Assignment
Nothing but the lines below, from the first through the line containing "ラードや牛脂、動物性のブイヨ", should be set down, each one exactly and without pictures.

Collected material
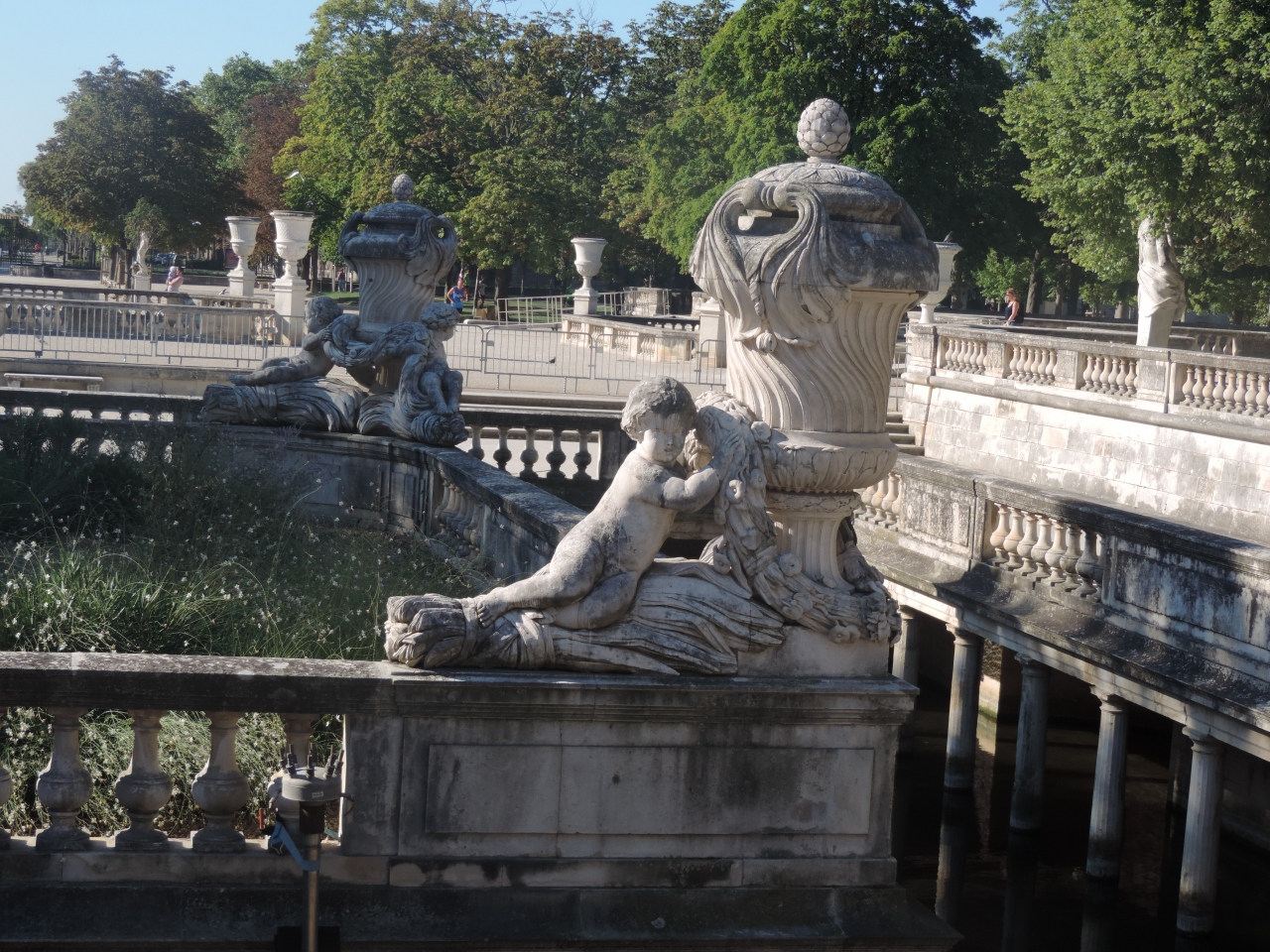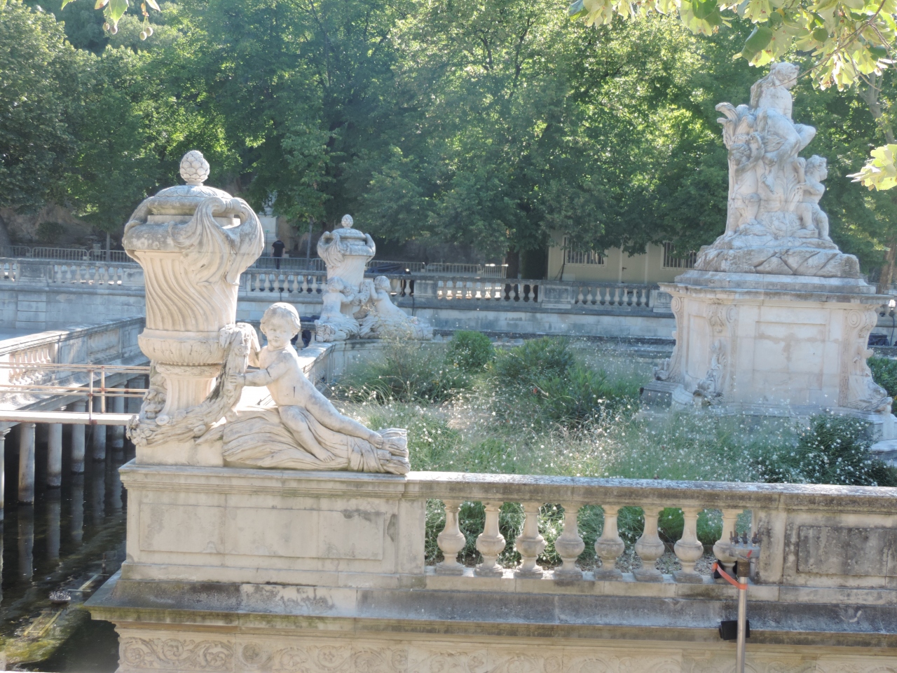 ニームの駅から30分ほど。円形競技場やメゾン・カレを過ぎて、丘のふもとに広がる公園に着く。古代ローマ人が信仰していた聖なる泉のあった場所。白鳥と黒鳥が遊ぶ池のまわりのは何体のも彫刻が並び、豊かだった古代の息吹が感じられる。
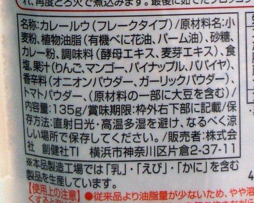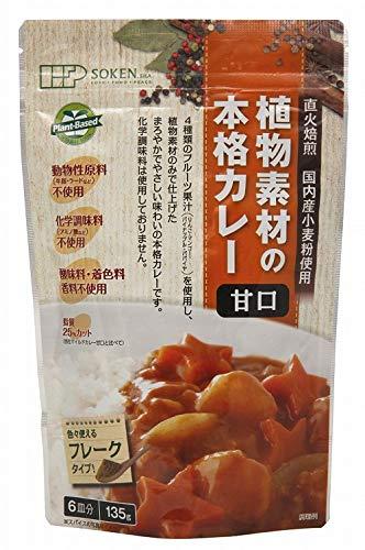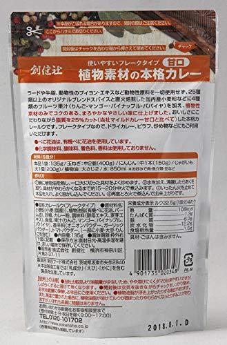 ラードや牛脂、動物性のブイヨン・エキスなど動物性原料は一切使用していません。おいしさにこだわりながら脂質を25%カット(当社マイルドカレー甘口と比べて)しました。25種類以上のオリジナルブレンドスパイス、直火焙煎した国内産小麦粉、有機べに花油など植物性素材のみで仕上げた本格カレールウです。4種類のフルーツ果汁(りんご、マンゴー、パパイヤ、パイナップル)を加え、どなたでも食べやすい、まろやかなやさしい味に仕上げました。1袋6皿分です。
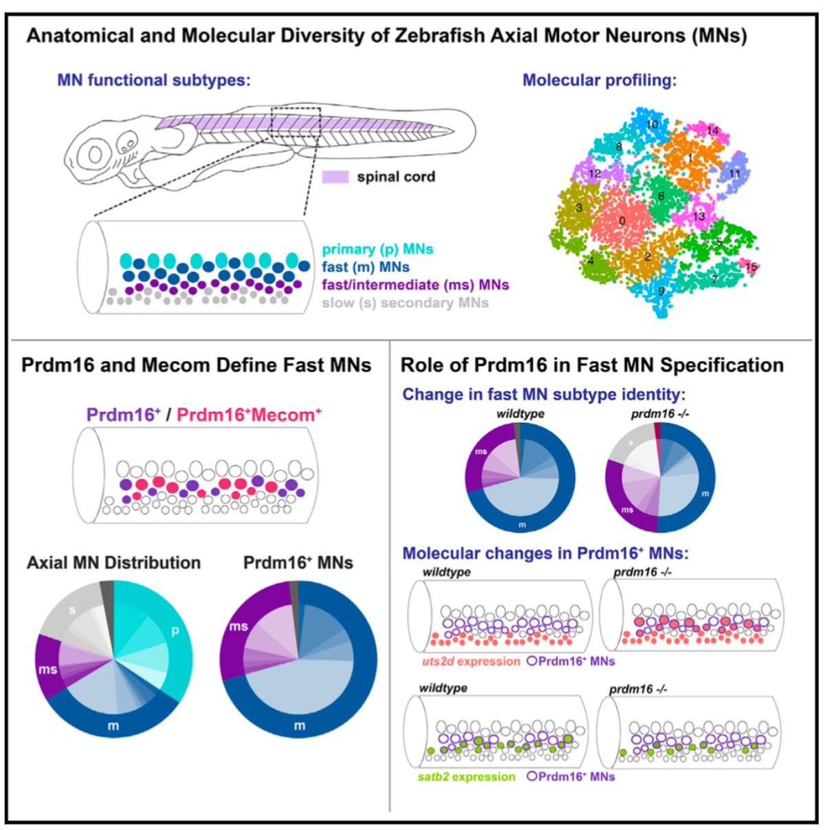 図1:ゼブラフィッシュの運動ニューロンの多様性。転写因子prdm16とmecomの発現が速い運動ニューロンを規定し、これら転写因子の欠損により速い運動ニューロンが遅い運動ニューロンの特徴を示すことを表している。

Exercise solution
 ニームの駅から30分ほど。円形競技場やメゾン・カレを過ぎて、丘のふもとに広がる公園に着く。古代ローマ人が信仰していた聖なる泉のあった場所。白鳥と黒鳥が遊ぶ池のまわりのは何体のも彫刻が並び、豊かだった古代の息吹が感じられる。
 ラードや牛脂、動物性のブイヨン・エキスなど動物性原料は一切使用していません。おいしさにこだわりながら脂質を25%カット(当社マイルドカレー甘口と比べて)しました。25種類以上のオリジナルブレンドスパイス、直火焙煎した国内産小麦粉、有機べに花油など植物性素材のみで仕上げた本格カレールウです。4種類のフルーツ果汁(りんご、マンゴー、パパイヤ、パイナップル)を加え、どなたでも食べやすい、まろやかなやさしい味に仕上げました。1袋6皿分です。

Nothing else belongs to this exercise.